ZFS - Building, Testing, and Benchmarking

Name: ZFS - Building, Testing, and Benchmarking
Item: ZFS - Building, Testing, and Benchmarking
Author: Matt Breitbach

by Matt Breitbach on October 5, 2010 4:33 PM EST

102 Comments | Add A Comment

102 Comments

After the exhaustive building and testing process, we've found several areas where we could have improved the original build.

Improved CPU

When we initially decided which hardware components to use, we thought we would not need very much CPU. While we are not doing any type of parity with our storage, we neglected to account for the checksumming that ZFS does to maintain data integrity. This checksumming consumes significantly more processor time than we had originally anticipated. Many tests were using 70% or more of the CPU. We believe that at this high of CPU utilization that there is significant IO contention. Our next ZFS based storage system will probably be based on a dual socket platform and higher clocked (possibly more cores also) CPU's, giving additional headroom for the checksumming and allowing you to use more advanced features that consume CPU resources like Deduplication and Compression. It is not a noticeable problem when testing with gigabit Ethernet speeds. We have been doing some additional benchmarking using 20Gbps InfiniBand, and we have been able to max out the CPU in the ZFS server well before we approached the limits of 20Gbps networking.

More Memory

Going into this project, we did not really know how much main memory we would need in the ZFS SAN, or how well the system would perform with more main memory. After doing some tests on smaller datasets that fit entirely into main memory, we decided that our next build would be 48GB of RAM or more. As a general rule, ZFS will benefit from as much RAM as you can afford to give it. The ARC (main memory) cache of Nexenta and OpenSolaris both function great when the dataset fits entirely into the main cache, and the performance benefits gained from having significant amounts of main memory are huge.
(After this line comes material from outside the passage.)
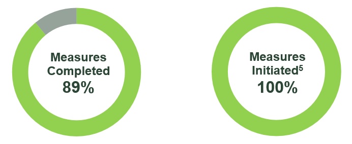 This diagram shows two separate, thick rings. One ring shows that 100% of the measures in the action plan have been initiated and the other ring shows that 89% of the measures have been completed.

At some point you will run into diminishing returns. If you're working with a dataset that is able to fit into main memory and is mainly reads, having more memory for the ARC cache will significantly improve performance. We saw numbers in the 100's of thousands of IOPS when working just out of main memory for random reads. On the flip side of the coin, if your workload is mainly writes then adding 48GB of RAM or more may not give you any noticeable performance advantage.

SAS drives

We thought ZFS's advanced software could overcome some of the inherent problems with slow spindle speeds, and it did up to a certain point. ZFS on OpenSolaris was able to outperform the Promise M610i at basically the same price point. However, we feel we left a lot more performance on the table. Next time we deploy a ZFS server, we plan to use 15k RPM SAS drives instead of 7200 RPM SATA drives as the primary storage. We suspect that we could have easily doubled the performance of our ZFS box in certain tests by using 15k RPM SAS drives. The downside of the SAS drives will be increased cost and decreased capacity, but those tradeoffs will be worthwhile for us if we can double the IOPS, especially on write operations where all transactions have to be committed to disk as quickly as possible. Reads may not be affected as much since many of the reads are coming from SSD storage already, and having SAS drives feed the SSD's would probably not increase overall performance unless your working set is large enough to exceed the total capacity of the SSD drives.

SSD Drives

In the ZFS project, we used SLC style SSD drives for ZIL and MLC style SSD drives for L2ARC. If the price on MLC style SSD drives continues to fall, we will eventually omit the L2ARC and simply use MLC style SSD drives for all of the primary storage. When that day comes, we will also need to use multiple SAS controllers and a much faster CPU in each ZFS box to keep up with all of the IO that it will be able to deliver. Our only concern would be the wear leveling on the MLC drives and the ability of the drives to sustain writes over an extended period of time. Only time will tell if the drives will be able to handle the sustained writes in an L2ARC role or as a primary storage role.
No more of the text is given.